But the community that I suspect will really care about this, to the point that they'd actively engage in editing the data, is not the biodiversity community. Rather, it's people who edit Wikipedia and Wikidata.

I was at one of the GrBio workshops and gave a short presentation, which included this slide:

If you search for a major museum on Google, on the right you will often see a rich "knowledge panel" giving much of the information that GrBio wants to capture (museum name, location, etc.), often with a link to the Wikipedia page for that institution (see http://g.co/kg/m/01t372 for a detailed view of the knowledge panel for the NHM). GrBio can't compete with Wikipedia for richness of content (just think of all the Wikipedia pages in languages other than English). Google's database is mostly hidden, but we can get some of the same data from Wikidata, e.g. the Natural History Museum is entity Q309388 on Wikidata.

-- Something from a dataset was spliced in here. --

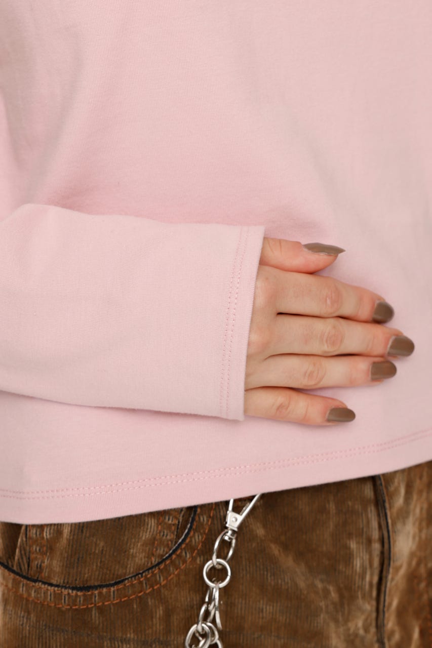 ■POINT:フロントのレース素材を使用したリボンデザインがトレンド感溢れるロングスリーブトップス。

From my perspective, the smart move to make is not to appeal to an overstretched community of biodiversity researchers, many of whom are suffering from "project fatigue" as yet more acronyms compete for their attention. Instead, position the project as adding to the already existing database of natural history institutions that is growing in Wikidata. GrBio could either link to Wikidata and Wikipedia pages for institutions, or simply move it's data editing efforts to Wikidata and have GrBio be (at most) a search interface to that data. The notion of having a separate database for the world's collections might not be the best way to achieve GrBio's goals. A lot of people involved in both Wikipedia and Wikidata care about cultural institutions (of which natural history museums and herbaria are examples), those are the people GrBio should be engaging with.